I read a number of guitar related books this year, Guitar Method – Music Theory by Tom Kolb, How to Write Songs on Guitar by Rikky Rooksby, Guitar Pedals by Rob Thorpe, Riffs: How to Create and Play Great Riffs by Rikky Rooksby, Guitar Looping – The Creative Guide by Kristof Neyens and related to this Audio Production Basics with Ableton Live by Eric Kuehnl. My favourite of these is How to Write Songs on Guitar by Rikky Rooksby which is a bit of a "bigger picture" book, and rather more book-like than the others. I still play guitar badly but I treated myself to a new guitar (a Gretsch G2622 Streamliner DC in Ocean Turquoise, see below), it is a modest step up price-wise on my Squier Stratocaster and I think this shows.

guitar

On the more technical side I read Exercises in Programming Style by Cristina Videira Lopes which I really enjoyed, it shows the same program written in 33 different styles, all in the Python programming language. I also read Data Pipelines with Apache Airflow by Bas P Harenslak and Julian R De Ruiter, as well as writing a blog post on Python Documentation with Sphinx.

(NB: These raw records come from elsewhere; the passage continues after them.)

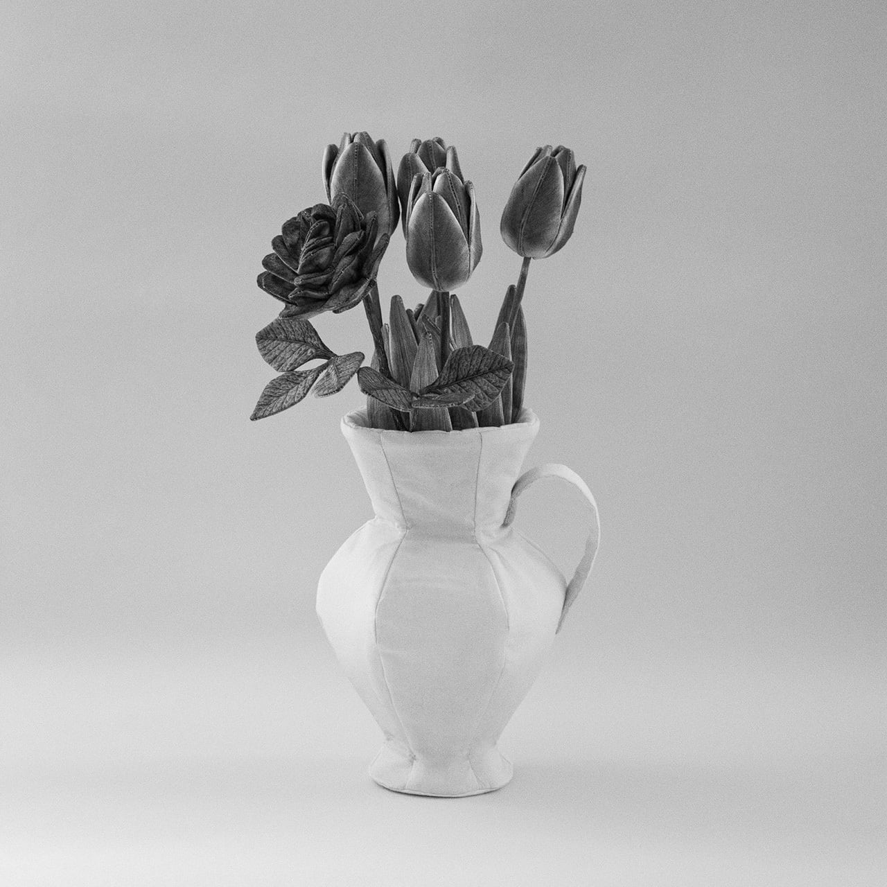 布でできたフラワーベースに布でできたお花3種(チューリップ、ガーベラ、バラ)からお好きな組み合わせで合計5本をお選びいただけます。
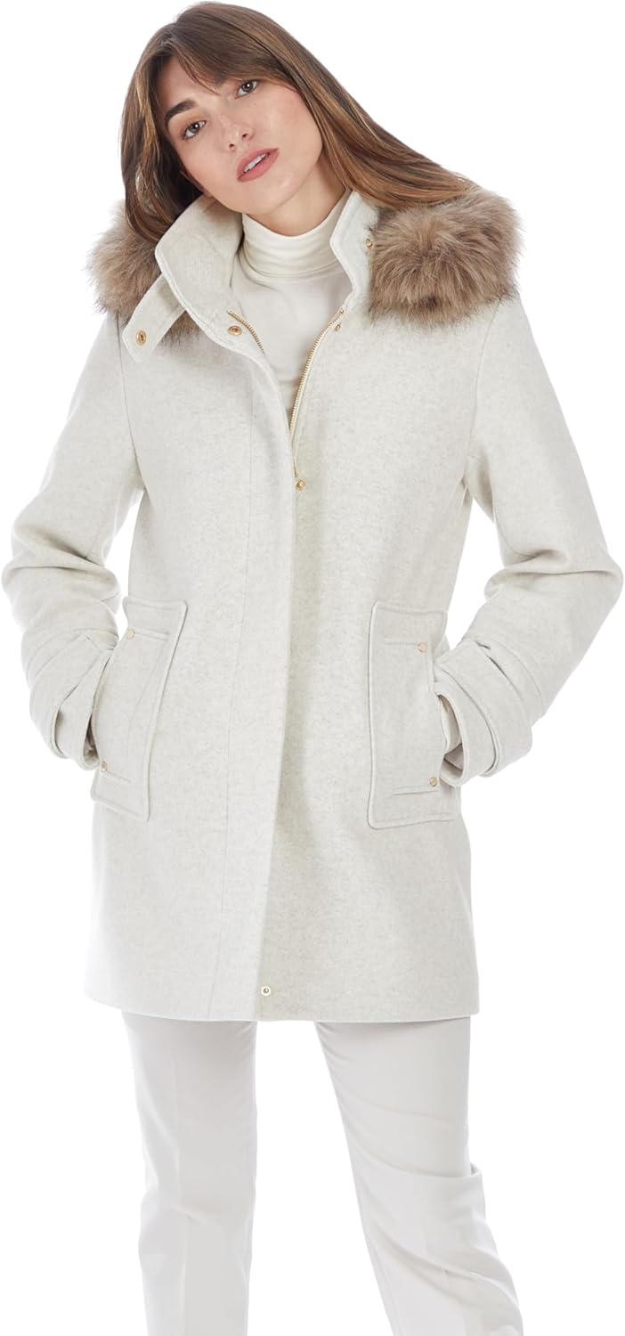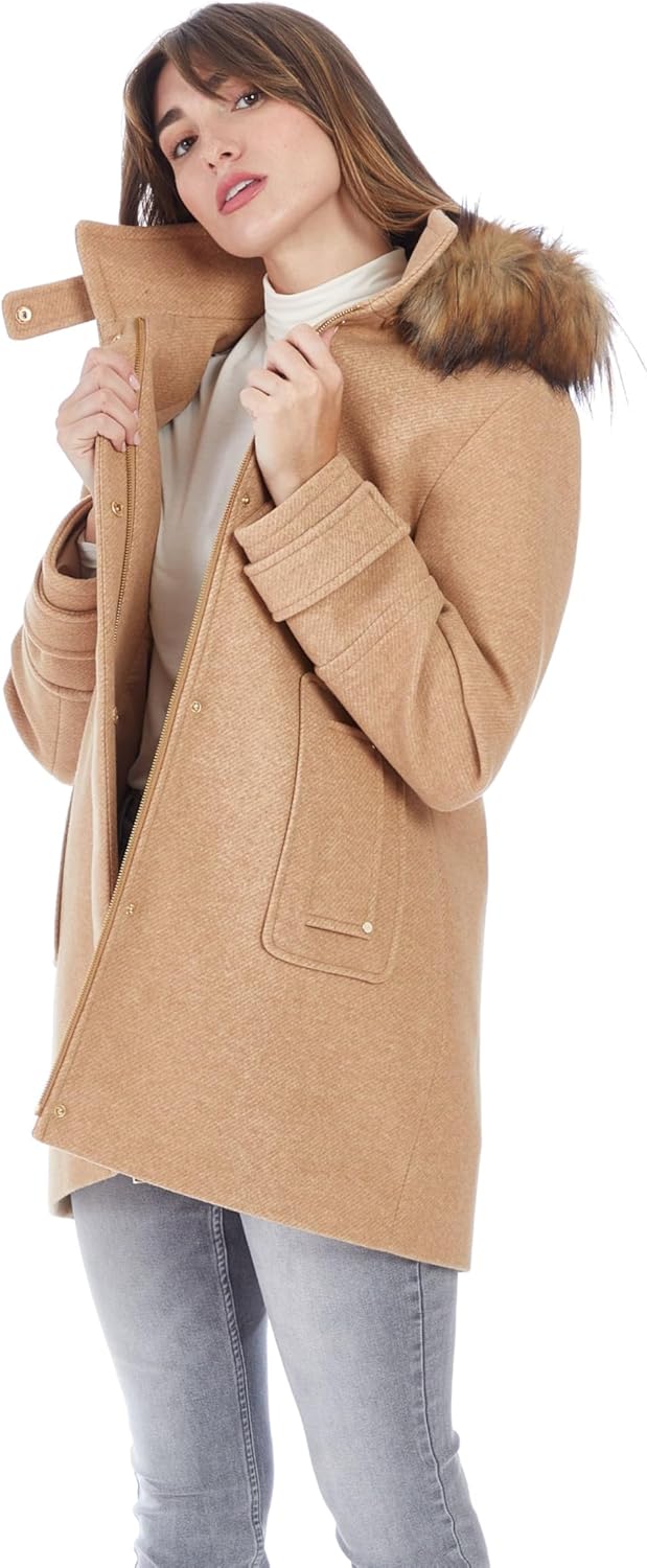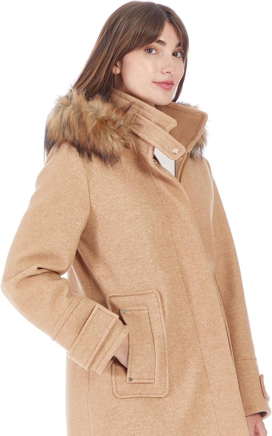Stay warm and stylish in this Nine West faux wool coat, designed with a detachable faux fur–trimmed hood, zip-front closure with snap placket, and functional flap pockets. Available in Camel, this mid-length coat blends timeless elegance with everyday versatility.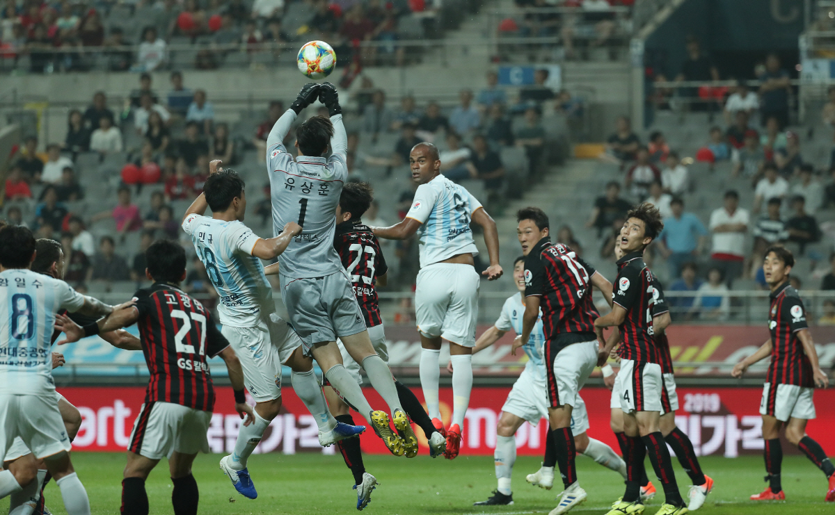 유상훈 선방 (서울=연합뉴스) 신준희 기자 = 30일 서울월드컵경기장에서 열린 K리그 FC서울과 울산 현대의 경기. FC서울 골키퍼 유상훈이 골 찬스를 무산시키고 있다. 2019.6.30 hama@yna.co.kr (끝)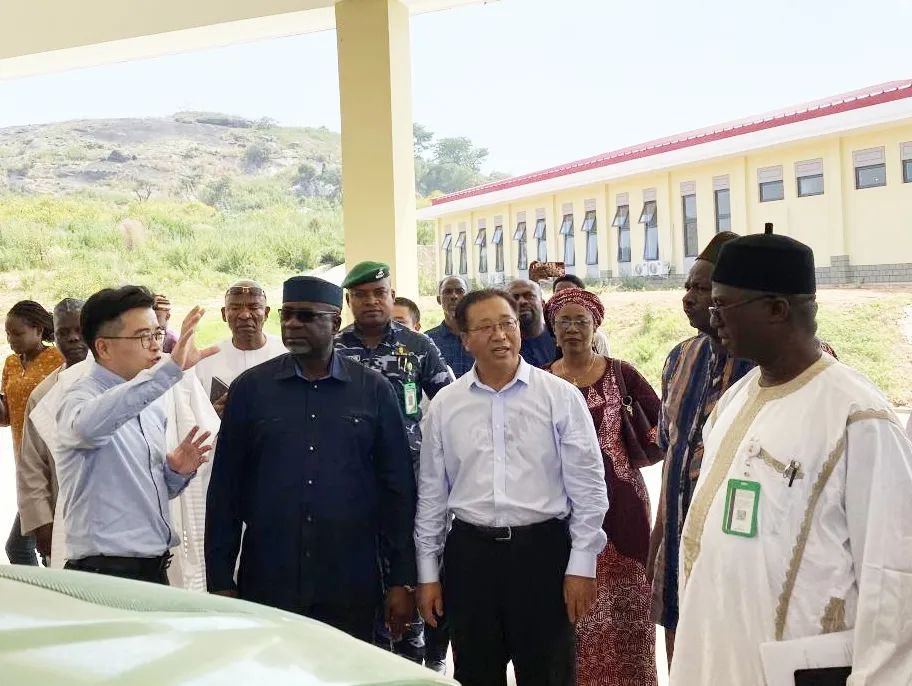 考察团还参观了阿布贾产业园区的水稻试验田,听取了我司水稻专家王学民对水稻品种试验情况的介绍。 项目简介: 中国援尼日利亚农业技术示范中心项目(以下简称“项目”) 位于尼日利亚首都阿布贾BWARI区,总占地面积31.38公顷,包括农业技术培训中心、农业技术研究和服务中心、农资农机展示中心、小型农产品加工技术展示中心、动力中心、光伏水泵节水灌溉系统、水坝周边农田示范区,以及进场道路、水坝两岸高程以上配套工程等。

My history reading tended more towards the prehistoric with Hidden Histories by Mary-Ann Ochota which talks mainly about Prehistoric British landscapes, The Goddess & The Bull by Michael Balter – about Çatalhöyük one of the oldest settlements in the world, and Ancestors by Professor Alice Roberts – about prehistoric British burials.

On the Black Lives Matter front I read Why I’m no longer talking to white people about race by Reni Eddo-Lodge, Precolonial Black Africa by Cheikh Anta Diop, and Empireland by Sathnam Sanghera.

There were a couple of natural history books, Entangled Life by Merlin Sheldrake about fungus and Much Ado About Mothing by James Lowen, about moths. Sort of related since it pertains to the biological sciences was The Code Breaker by Walter Isaacson which is a biography of Jennifer Doudna, and the CRISPR gene-editing technology for which she won a Nobel Prize. And finally, Eye of the Beholder by Laura J. Snyder which is a joint biography of Johannes Vermeer and Antonie van Leeuwenhoek who were both born in Delft in 1632.

The year ends largely as it started with covid once again running wild in the UK, this time with the Omicron variant and we are unsure whether Thomas will return to school at the beginning of the year. Prospects are a little better because we now have a vaccine, and this seems effective against all variants although Thomas, as a 9 year old, does not receive any covid vaccinations.